=== Section Start ===

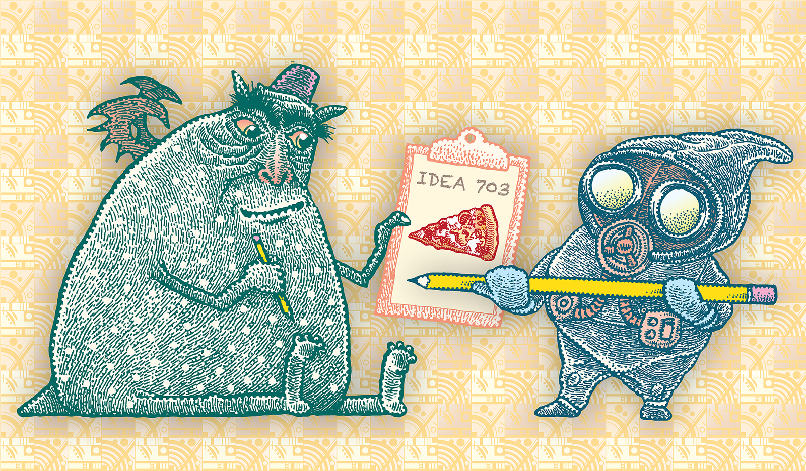 When I’m developing a product idea, I do dozens of sketches, variations, and refinements to resolve all the details. Adjustments to an alien’s antennas, the spaces between letters, and the density of a shadow can take weeks. Often, in the end the alien is eliminated, the specific letters are changed, and the shadow is superfluous. The effort of chasing perfection can sometimes be fun, but it’s rarely relaxing. Fortunately, if the fun evaporates, I just drop the whole project and work on something else.
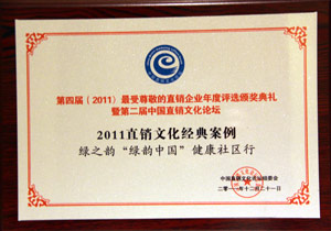 會上,綠之韻集團憑借八年來規范自律、回饋社會的企業宗旨,榮獲“2011最受尊敬的直銷企業”及“2011企業文化建設成就獎”;“綠韻中國”健康社區行活動榮獲“2011直銷文化經典案例獎”;綠之韻集團企劃新聞部榮獲“金雁獎—最佳企劃獎”,綠之韻河北辦事處業務主任趙軍代表出席接受頒獎。此外,綠之韻高級經銷商徐華憑借卓越的領導能力榮獲“2011最受尊敬的直銷領袖”、“2011年度直銷形象大使”、“金雁獎—最佳忠誠獎”,綠之韻華晨系統被評為“2011最受尊敬的直銷系統”。
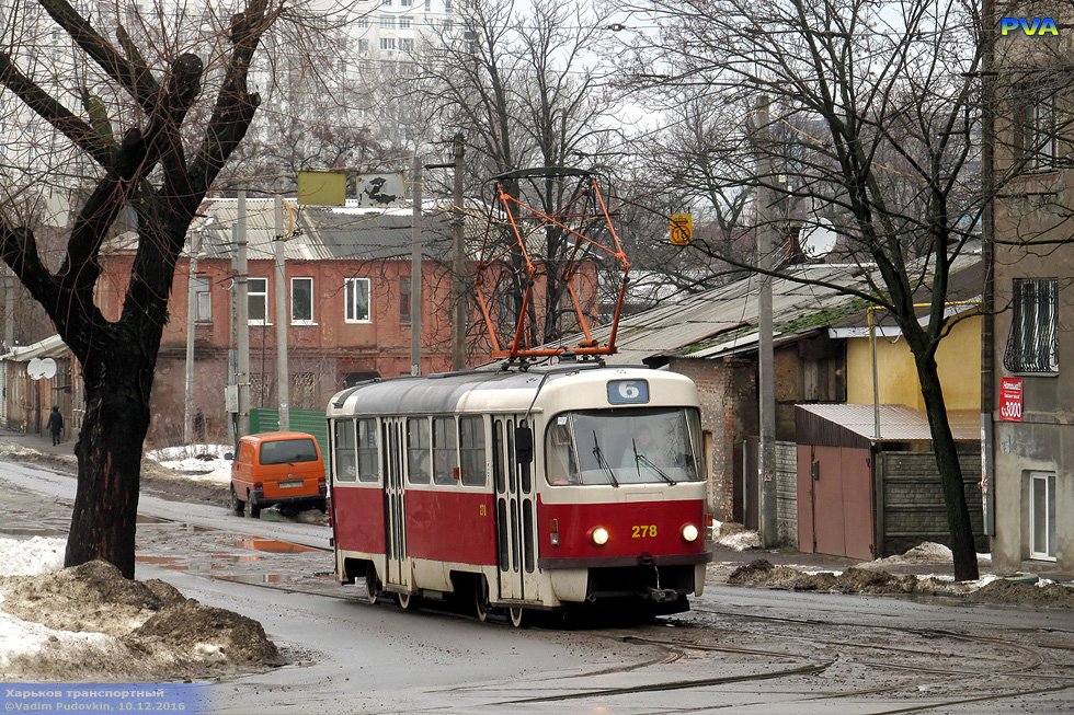 Tatra-T3SUCS #278 6-го маршрута в Рыбасовском переулке возле улицы Гольдберговской
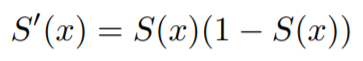 이 함수는 x값으로는 어떤 값이든 갖을 수 있지만 y값은 0~1사이만 나오게 된다. 0~1사이라고 하면 하나 떠오르는 게 있다... 그것은 확률!!! 이 함수는 확률밀도함수의 요건을 충족시킨다. 그리고 연속적이고 smooth한 것이 미분하기도 딱 좋다. 그리고 mirror symmetric한 것이 여러 application에 적용하기 좋게 생겼다. 그리고 미분도 간편한데, 미분연산 필요없이, 아래의 식으로 대체할 수 있다.
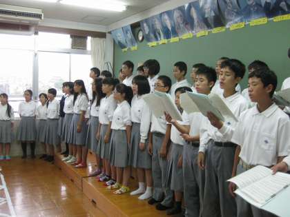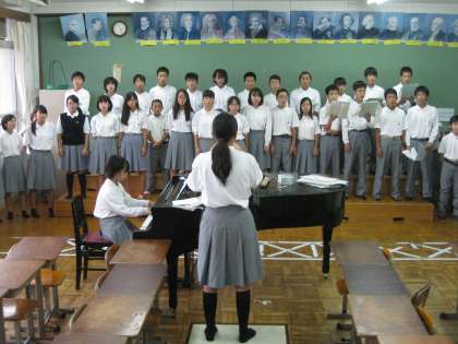 中学入学後、「合唱コンクール」を初めて経験する1年生も頑張っています。この日は輪番で音楽練習を行い、教室や廊下でのパート別練習も含め、上級生に負けじと頑張っています。本番まで約三週間。素敵なハーモニーの完成をめざして、1年生も頑張っています。
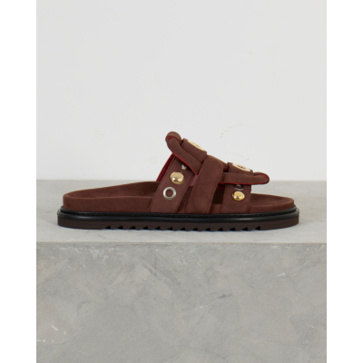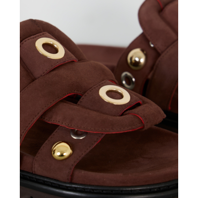 Deze bruine suede sandalen van Morobé combineren comfort met een stoere uitstraling. Het zachte suede materiaal zorgt voor een luxe touch, terwijl de goudkleurige en zilverkleurige rivets een eigentijdse twist geven. De verstelbare bandjes met gespsluiting zorgen voor een perfecte pasvorm. De dikke zool met profiel biedt extra grip en comfort bij elke stap.
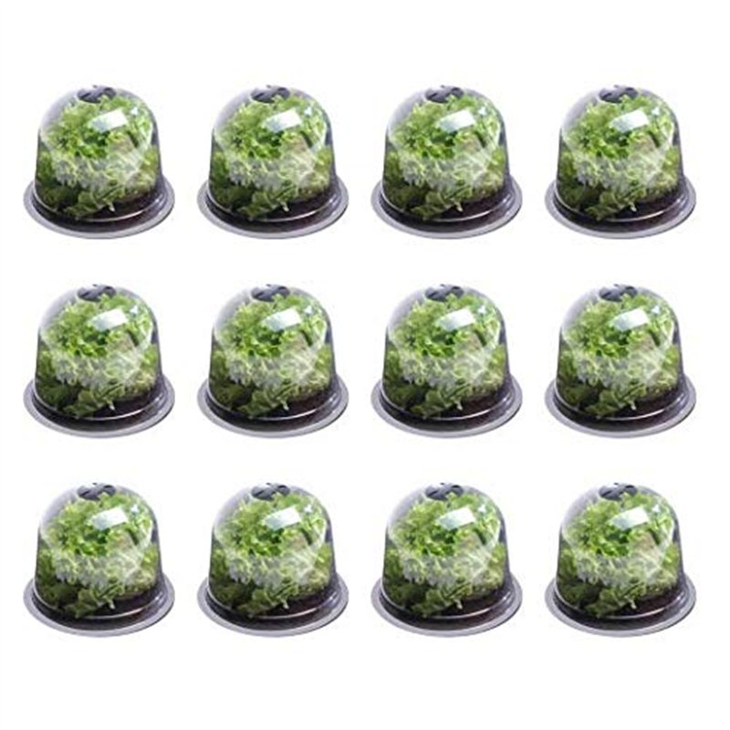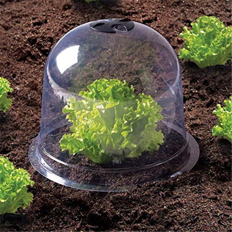 Protégez vos plantations de salades ainsi que vos plants et semis avec ce lot de 12 cloches ! Leur matière plastique transparente laisse passer la lumière et agit comme une serre. Ajustez l'aération de la cloche à votre convenance grâce à un système d'aération réglable. Les cloches sont également faites pour protéger contre les nuisibles et les intempéries !
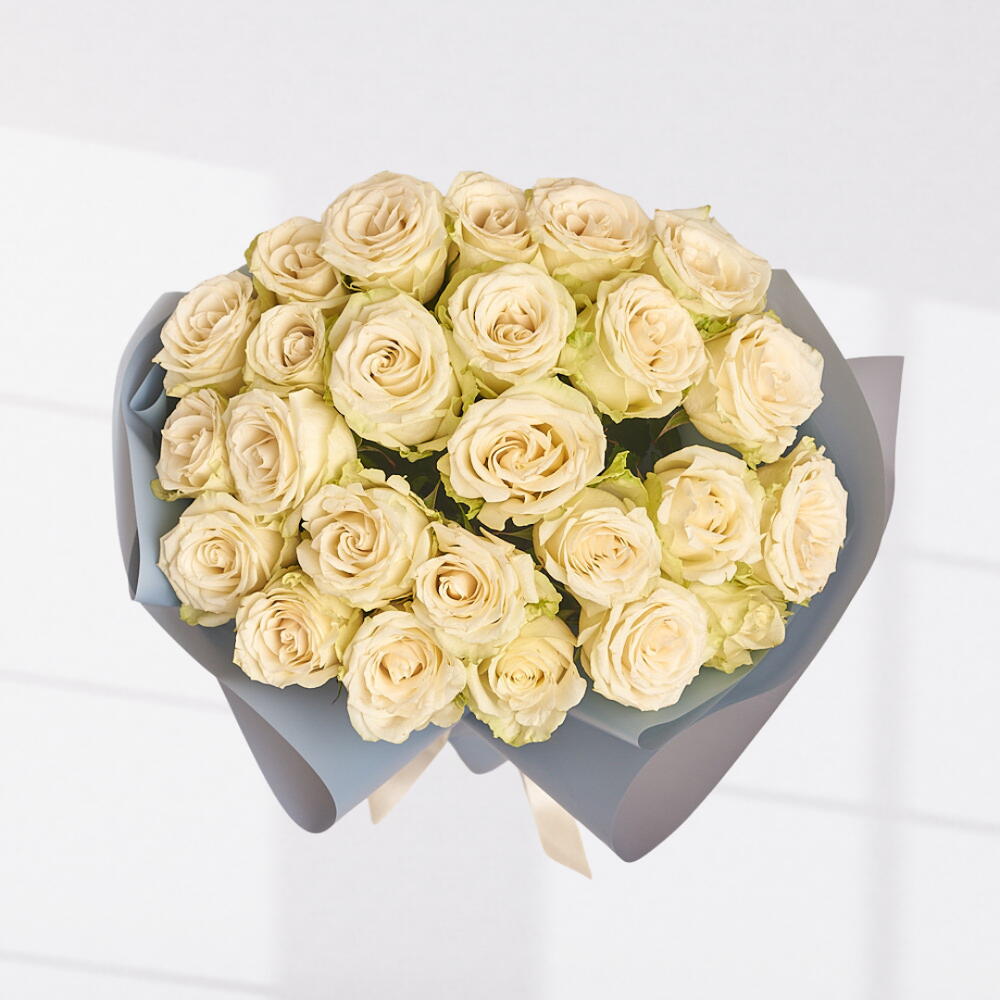 Rosas blancas de 31 tallos con cinta de regalo de lujo
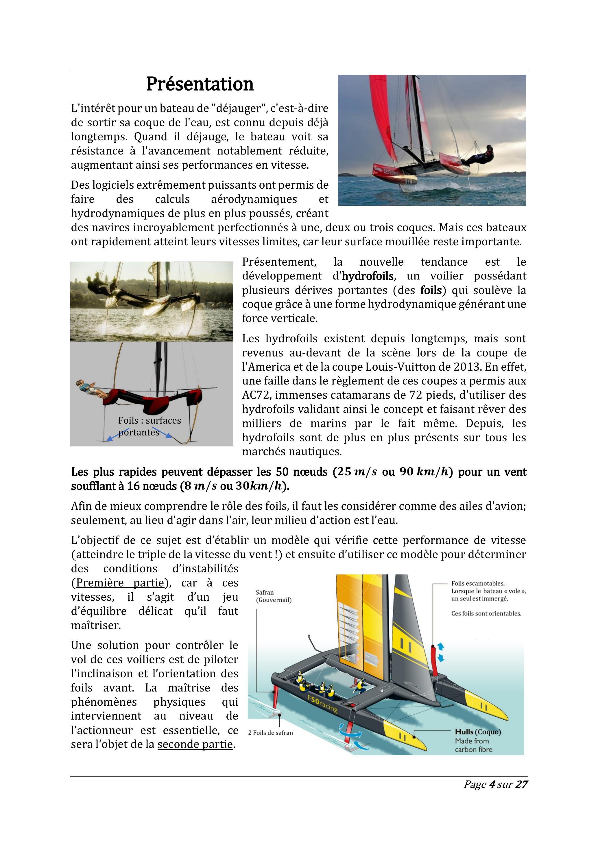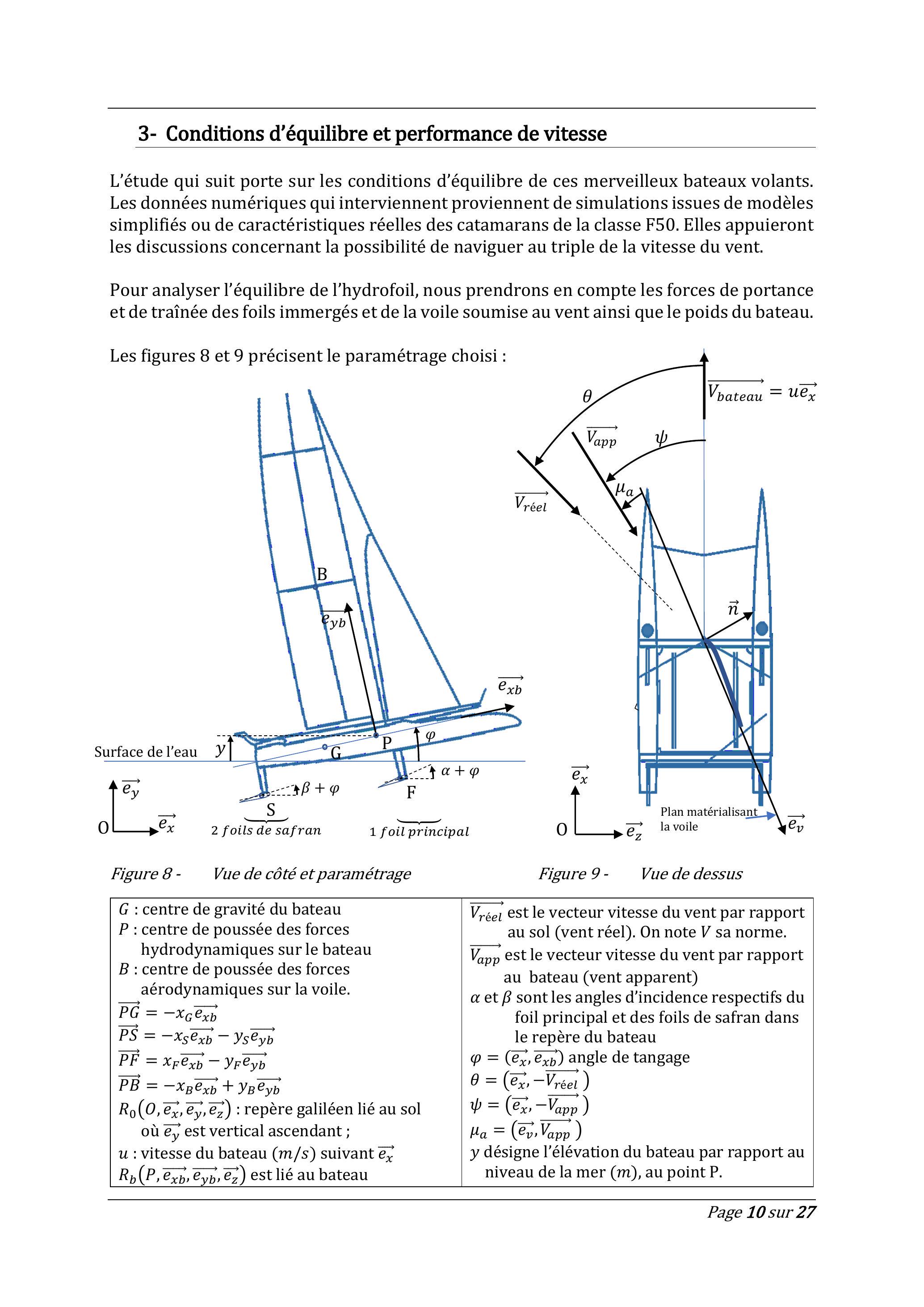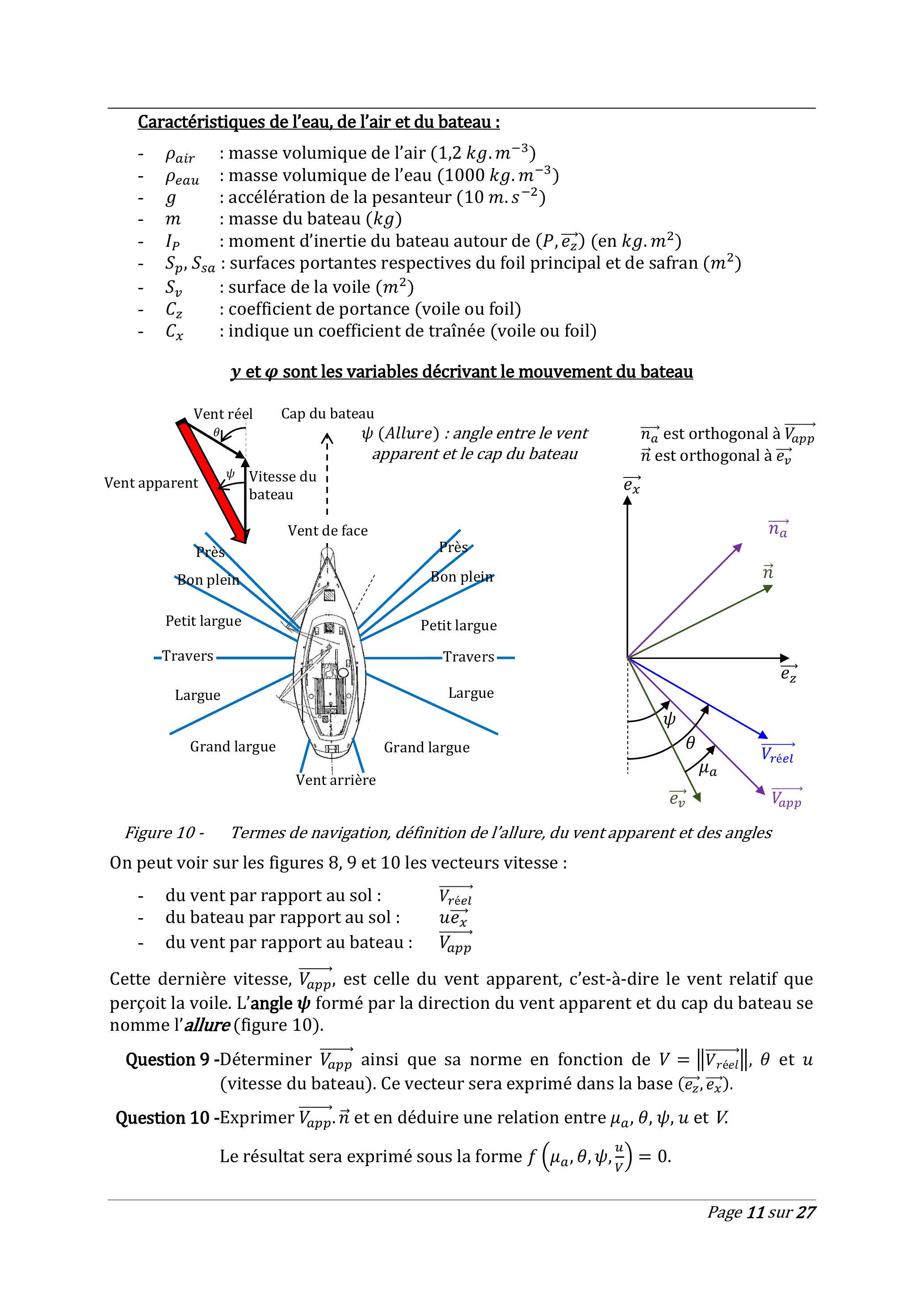 L'objectif de ce sujet est d'établir un modèle qui vérifie cette performance de vitesse (atteindre le triple de la vitesse du vent !) et ensuite d'utiliser ce modèle pour déterminer des conditions d'instabilités (Première partie), car à ces vitesses, il s'agit d'un jeu d'équilibre délicat qu'il faut maîtriser.

=== Section End ===

## Assigned task
In the material above, one part opens with the line containing "Tatra-T3SUCS #278 6-го" and closes with the line containing "Rosas blancas de". Write out that part exactly and skip its pictures.

## Completed exercise
 Tatra-T3SUCS #278 6-го маршрута в Рыбасовском переулке возле улицы Гольдберговской
 이 함수는 x값으로는 어떤 값이든 갖을 수 있지만 y값은 0~1사이만 나오게 된다. 0~1사이라고 하면 하나 떠오르는 게 있다... 그것은 확률!!! 이 함수는 확률밀도함수의 요건을 충족시킨다. 그리고 연속적이고 smooth한 것이 미분하기도 딱 좋다. 그리고 mirror symmetric한 것이 여러 application에 적용하기 좋게 생겼다. 그리고 미분도 간편한데, 미분연산 필요없이, 아래의 식으로 대체할 수 있다.
 中学入学後、「合唱コンクール」を初めて経験する1年生も頑張っています。この日は輪番で音楽練習を行い、教室や廊下でのパート別練習も含め、上級生に負けじと頑張っています。本番まで約三週間。素敵なハーモニーの完成をめざして、1年生も頑張っています。
 Deze bruine suede sandalen van Morobé combineren comfort met een stoere uitstraling. Het zachte suede materiaal zorgt voor een luxe touch, terwijl de goudkleurige en zilverkleurige rivets een eigentijdse twist geven. De verstelbare bandjes met gespsluiting zorgen voor een perfecte pasvorm. De dikke zool met profiel biedt extra grip en comfort bij elke stap.
 Protégez vos plantations de salades ainsi que vos plants et semis avec ce lot de 12 cloches ! Leur matière plastique transparente laisse passer la lumière et agit comme une serre. Ajustez l'aération de la cloche à votre convenance grâce à un système d'aération réglable. Les cloches sont également faites pour protéger contre les nuisibles et les intempéries !
 Rosas blancas de 31 tallos con cinta de regalo de lujo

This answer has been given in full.